The Audience Matrix is work in progress and it’s going to be an instrumental tool for us in the coming months as we start fleshing out some of the design concepts. As Leisa says on her blog:

Over the coming weeks we’re going to be inviting you to submit your ideas for revisions to the Drupal7 Admin interface and overall user experience. It will be very helpful for us all to use this document to help make sure that we’re designing for the 80% and not necessarily just for ourselves! And it is also a really great way to expose missing elements and possible flaws in our concepts. Using the document to test the example we show in the video above helped us to realise that we needed things like a close button on the dashboard (I know, d’uh!), a place to hold the user generated content from things like comment as well as contact forms, and got us thinking about a whole host of thorny permissions and workflow issues.

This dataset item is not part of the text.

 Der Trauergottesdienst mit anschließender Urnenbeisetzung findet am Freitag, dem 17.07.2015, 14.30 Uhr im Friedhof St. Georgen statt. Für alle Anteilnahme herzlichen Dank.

We need your help. We’ve produced a PDF for you to download so you can use it in some of the upcoming crowdsourcing activities we have planned. (like the one’s we did for the Drupal.org redesign project).

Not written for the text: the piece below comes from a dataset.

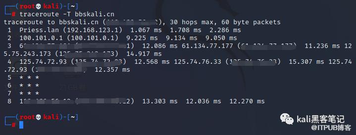 traceroute -T bbskali.cn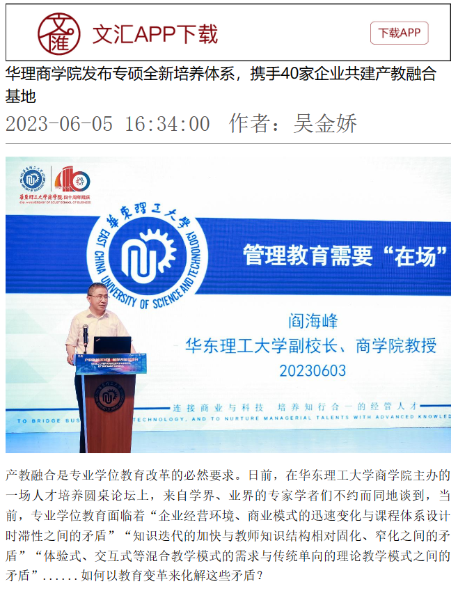 【文汇APP】华理商学院发布专硕全新培养体系,携手40家企业共建产教融合基地

There will be more from me

It’s a fair cop. I’ve not been as active blogging about this stuff as I could have been. Both the Drupal.org redesign, and now the Drupal 7 UX work, are both breaking ground on a process thought to be difficult, if not impossible. So, as of today, I’m going to be talking about it all a hell of lot more because, well, what other projects can you talk about as you’re doing it? We’re in an incredibly fortunate position.